▶ Task objective
Only one stretch of the material below is wanted: everything from the line containing "苏州鹰诺服装:驼色拼浅灰工作服AC17-1" down to the line containing "- RED LINING", both ends included. Repeat it exactly and skip the pictures.
▽
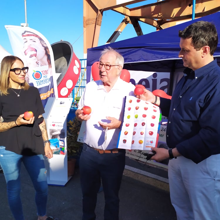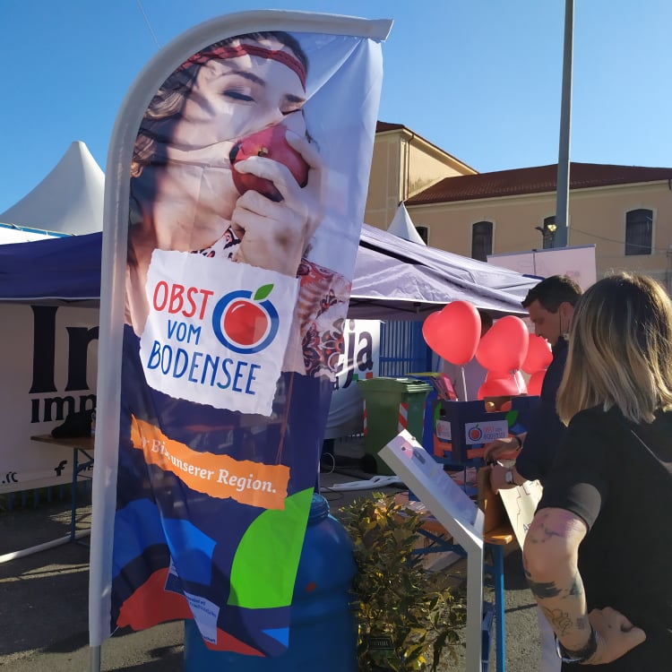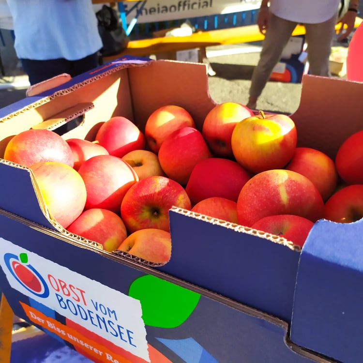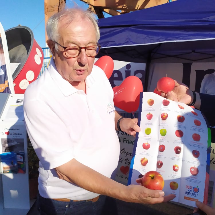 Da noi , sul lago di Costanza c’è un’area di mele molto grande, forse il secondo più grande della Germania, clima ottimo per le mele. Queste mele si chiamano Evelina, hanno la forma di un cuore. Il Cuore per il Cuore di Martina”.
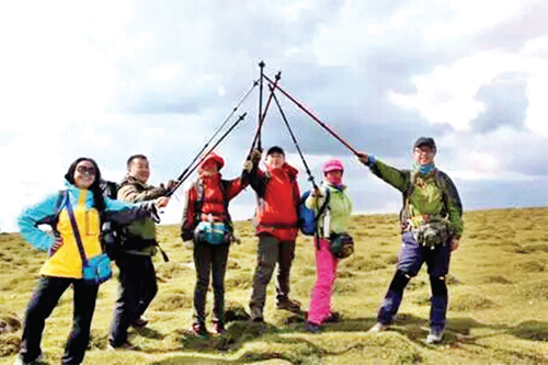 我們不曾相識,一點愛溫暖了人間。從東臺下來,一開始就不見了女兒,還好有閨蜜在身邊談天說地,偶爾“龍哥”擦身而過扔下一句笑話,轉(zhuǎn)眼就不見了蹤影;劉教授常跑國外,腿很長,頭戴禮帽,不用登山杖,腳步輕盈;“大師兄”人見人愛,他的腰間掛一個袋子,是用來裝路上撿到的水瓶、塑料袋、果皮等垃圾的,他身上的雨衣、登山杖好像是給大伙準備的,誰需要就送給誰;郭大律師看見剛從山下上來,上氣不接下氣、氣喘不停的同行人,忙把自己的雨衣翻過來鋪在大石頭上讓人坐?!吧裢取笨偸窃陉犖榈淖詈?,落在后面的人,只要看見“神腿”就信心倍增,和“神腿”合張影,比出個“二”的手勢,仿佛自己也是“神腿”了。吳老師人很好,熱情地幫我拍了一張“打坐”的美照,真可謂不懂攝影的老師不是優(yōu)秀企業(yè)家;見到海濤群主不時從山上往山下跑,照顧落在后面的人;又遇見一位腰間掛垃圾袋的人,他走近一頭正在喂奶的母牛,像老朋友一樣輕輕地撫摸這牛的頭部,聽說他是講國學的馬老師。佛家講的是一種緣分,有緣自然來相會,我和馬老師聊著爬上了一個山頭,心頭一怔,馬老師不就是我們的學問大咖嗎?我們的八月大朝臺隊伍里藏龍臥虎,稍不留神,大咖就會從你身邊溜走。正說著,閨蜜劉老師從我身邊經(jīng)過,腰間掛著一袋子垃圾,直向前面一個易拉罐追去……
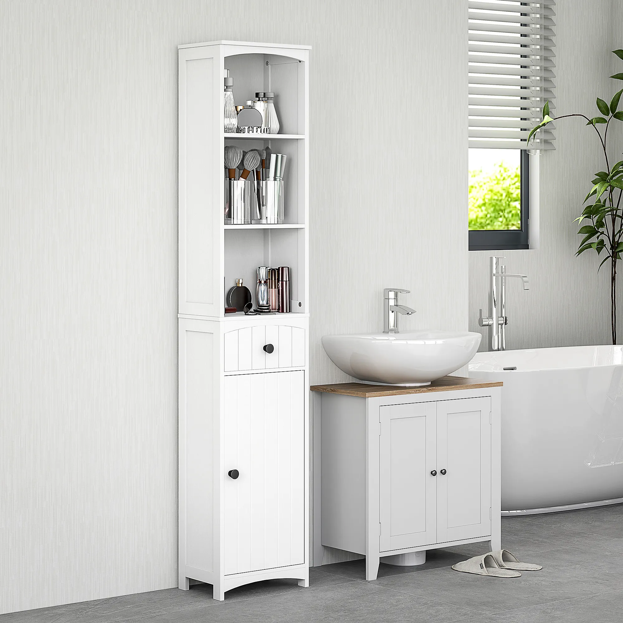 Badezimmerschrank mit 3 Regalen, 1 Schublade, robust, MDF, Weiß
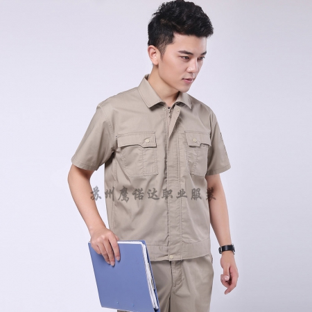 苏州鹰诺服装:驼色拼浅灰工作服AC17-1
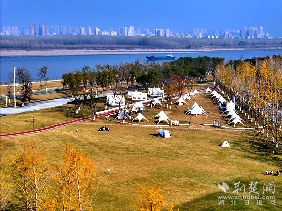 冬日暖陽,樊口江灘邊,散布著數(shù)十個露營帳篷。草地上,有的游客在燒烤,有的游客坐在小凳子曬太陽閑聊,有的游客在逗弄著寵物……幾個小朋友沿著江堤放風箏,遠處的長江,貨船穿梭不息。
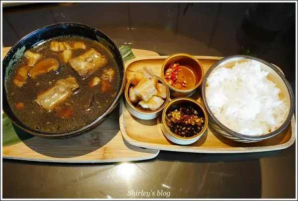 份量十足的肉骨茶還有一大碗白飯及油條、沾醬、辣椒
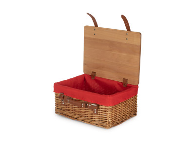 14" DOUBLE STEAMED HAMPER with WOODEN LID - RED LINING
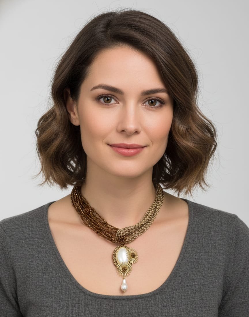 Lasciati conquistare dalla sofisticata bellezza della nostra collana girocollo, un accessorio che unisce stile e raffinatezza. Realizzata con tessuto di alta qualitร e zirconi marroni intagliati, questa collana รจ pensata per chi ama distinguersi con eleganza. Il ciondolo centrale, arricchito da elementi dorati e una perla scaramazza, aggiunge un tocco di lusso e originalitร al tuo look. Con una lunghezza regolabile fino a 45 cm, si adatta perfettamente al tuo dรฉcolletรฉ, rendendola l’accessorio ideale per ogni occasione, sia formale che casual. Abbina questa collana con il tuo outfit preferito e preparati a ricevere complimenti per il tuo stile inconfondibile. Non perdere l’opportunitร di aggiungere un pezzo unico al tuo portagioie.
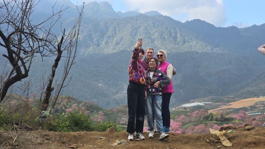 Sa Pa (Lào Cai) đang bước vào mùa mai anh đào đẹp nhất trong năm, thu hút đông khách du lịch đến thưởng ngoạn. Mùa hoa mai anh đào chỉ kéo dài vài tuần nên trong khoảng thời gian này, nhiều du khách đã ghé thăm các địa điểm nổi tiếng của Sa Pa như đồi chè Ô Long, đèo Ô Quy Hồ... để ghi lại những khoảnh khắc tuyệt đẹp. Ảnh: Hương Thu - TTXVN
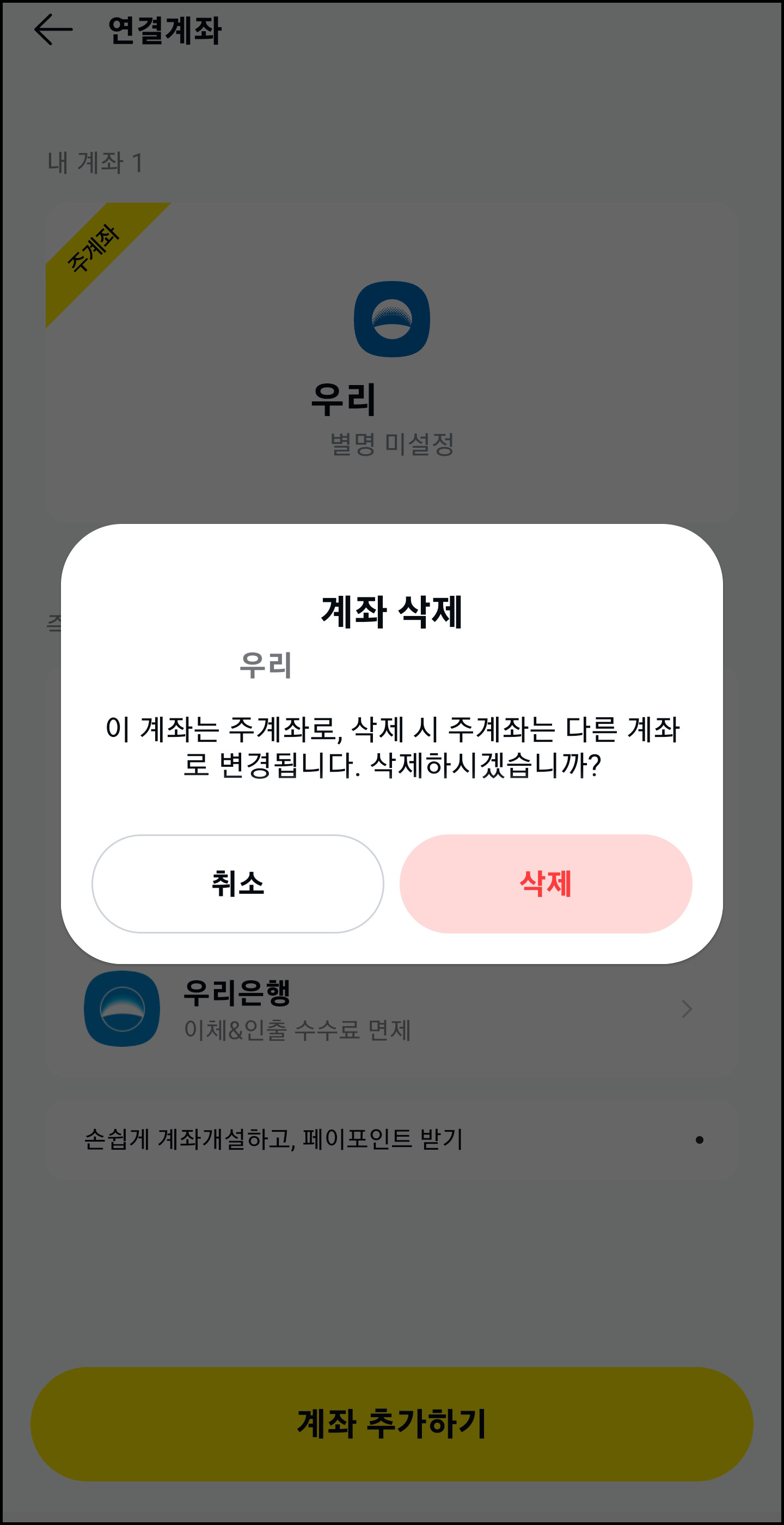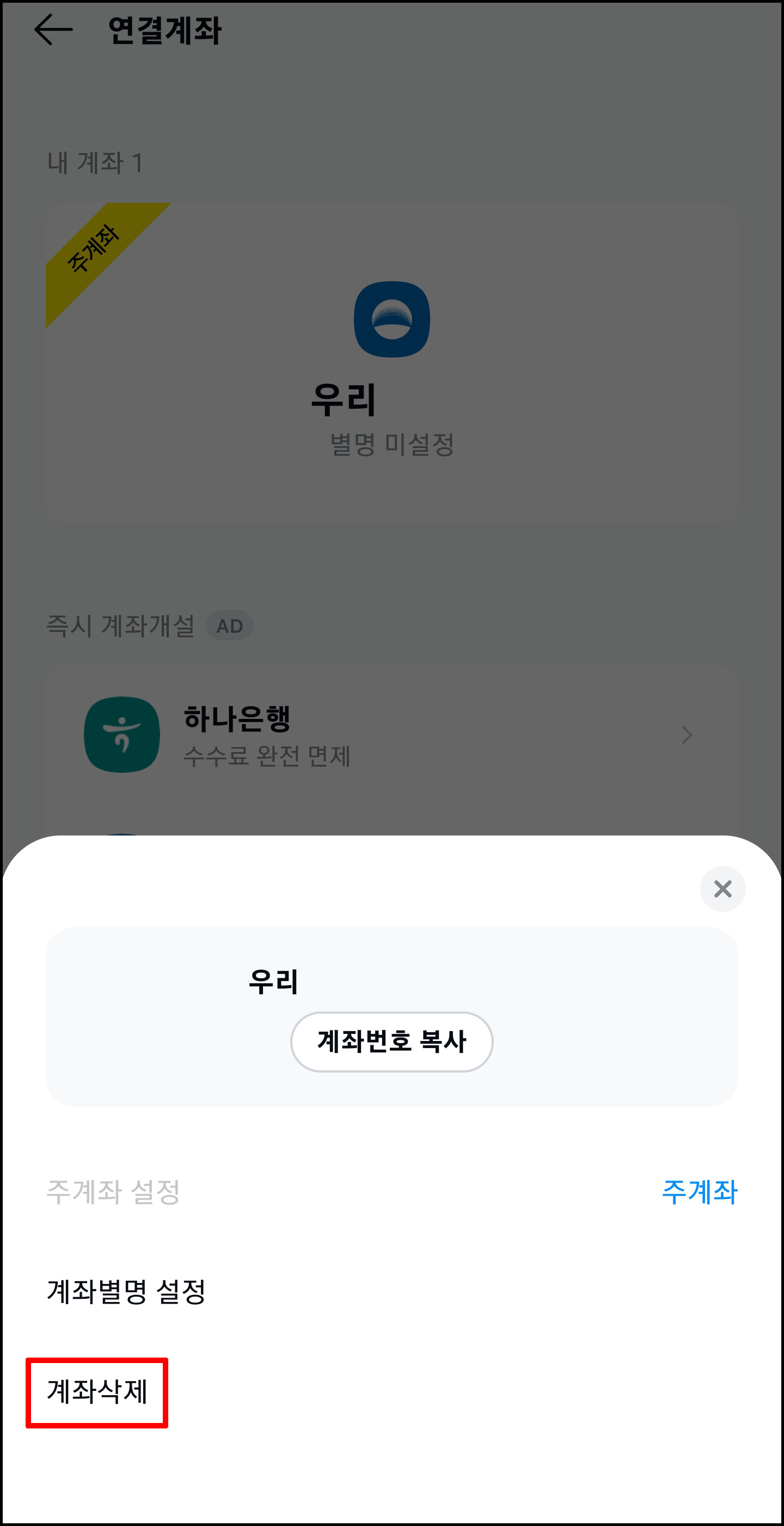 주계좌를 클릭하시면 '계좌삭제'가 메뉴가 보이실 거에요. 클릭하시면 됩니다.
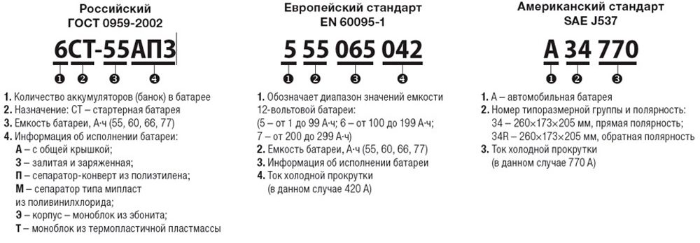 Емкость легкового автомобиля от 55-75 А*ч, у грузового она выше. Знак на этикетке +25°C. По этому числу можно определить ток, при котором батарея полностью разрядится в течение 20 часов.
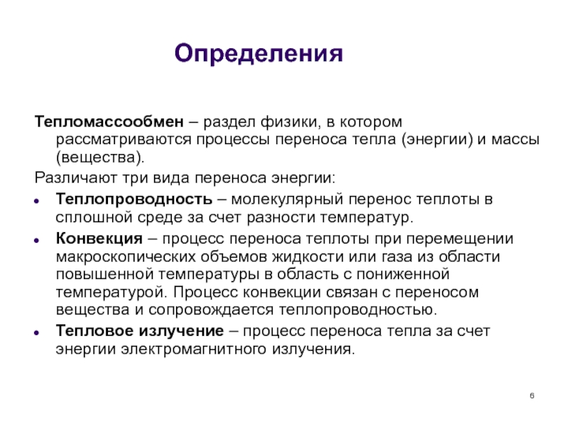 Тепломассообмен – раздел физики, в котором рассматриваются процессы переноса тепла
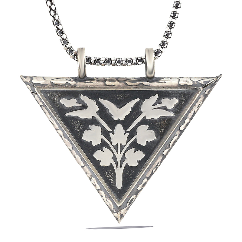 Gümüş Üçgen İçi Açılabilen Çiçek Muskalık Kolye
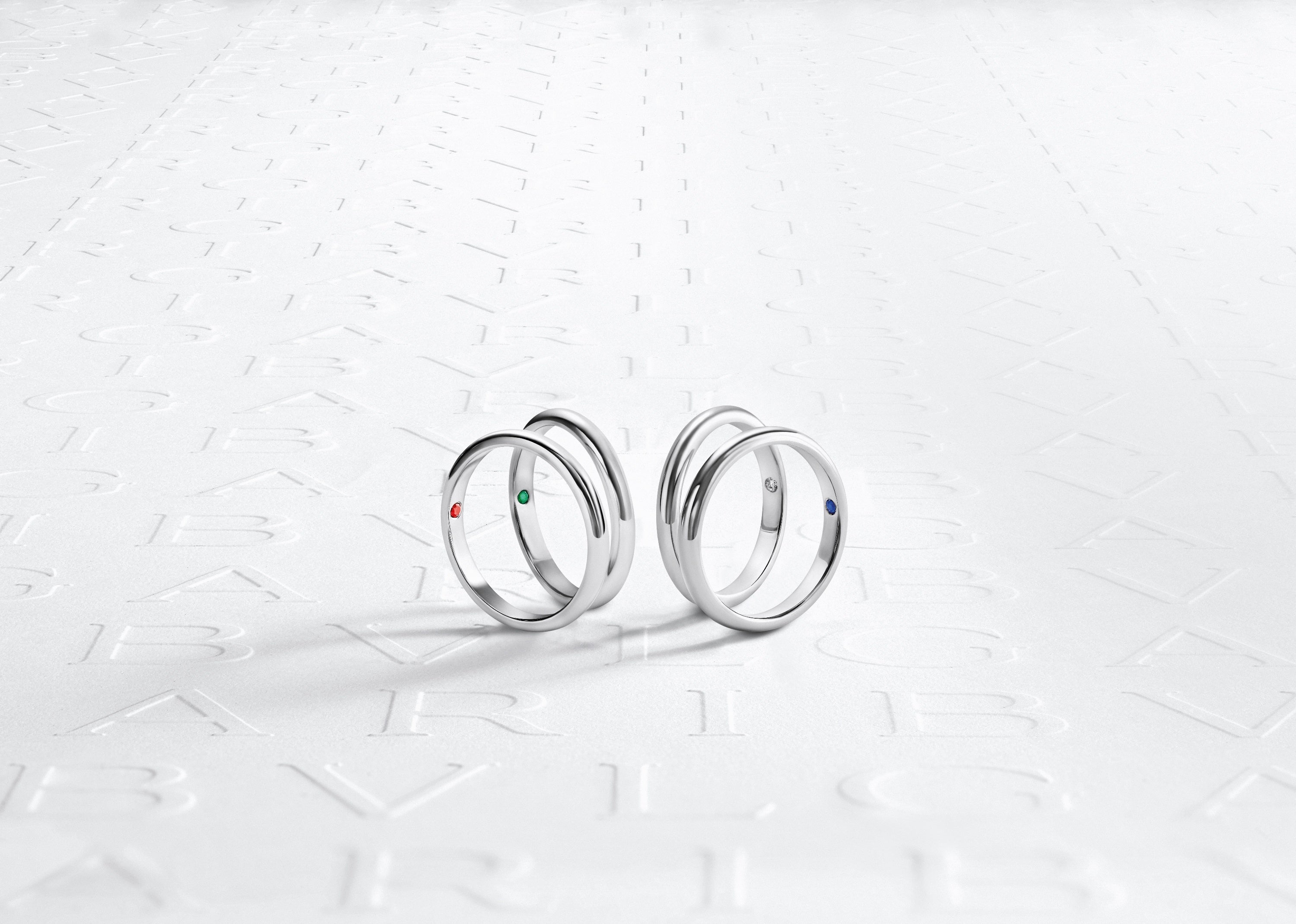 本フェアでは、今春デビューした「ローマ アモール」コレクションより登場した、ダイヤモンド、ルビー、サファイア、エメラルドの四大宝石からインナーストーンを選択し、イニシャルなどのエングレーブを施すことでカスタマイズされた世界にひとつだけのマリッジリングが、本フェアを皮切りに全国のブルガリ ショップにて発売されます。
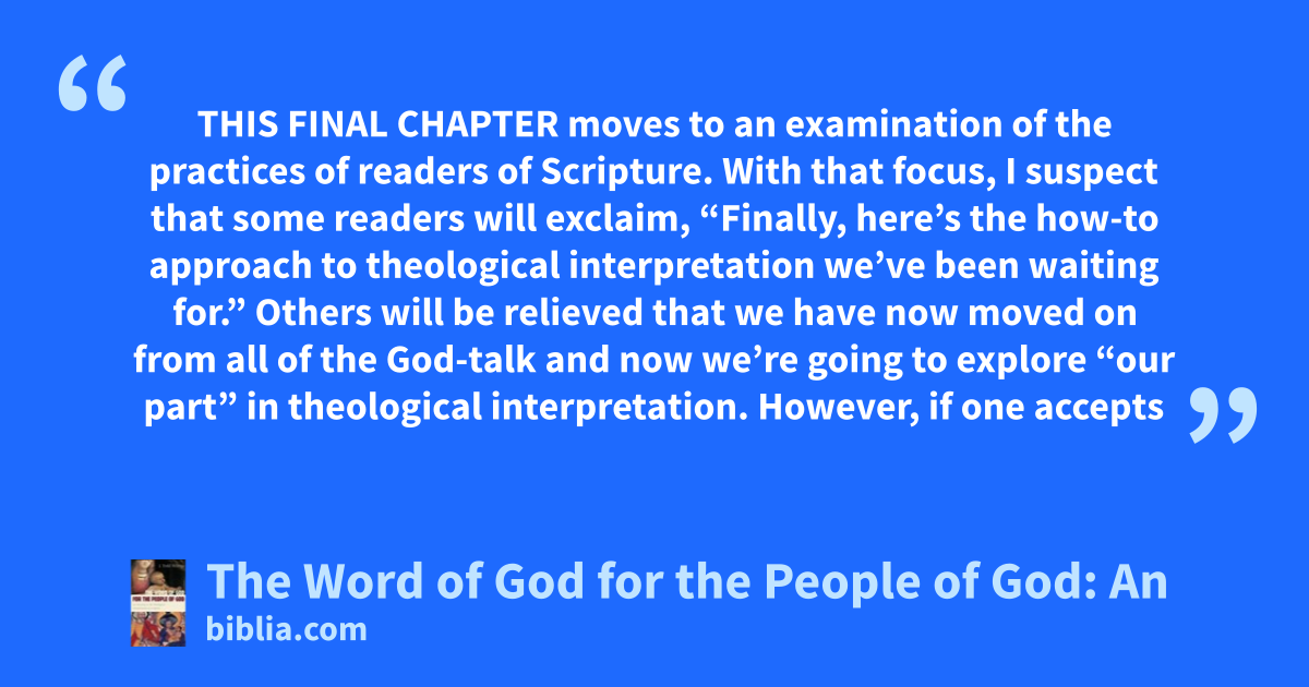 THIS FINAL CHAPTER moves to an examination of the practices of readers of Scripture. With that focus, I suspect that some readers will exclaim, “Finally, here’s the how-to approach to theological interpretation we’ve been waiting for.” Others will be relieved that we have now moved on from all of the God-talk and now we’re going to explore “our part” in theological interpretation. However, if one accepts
△
▶ Reply
 苏州鹰诺服装:驼色拼浅灰工作服AC17-1
 冬日暖陽,樊口江灘邊,散布著數(shù)十個露營帳篷。草地上,有的游客在燒烤,有的游客坐在小凳子曬太陽閑聊,有的游客在逗弄著寵物……幾個小朋友沿著江堤放風箏,遠處的長江,貨船穿梭不息。
 份量十足的肉骨茶還有一大碗白飯及油條、沾醬、辣椒
 14" DOUBLE STEAMED HAMPER with WOODEN LID - RED LINING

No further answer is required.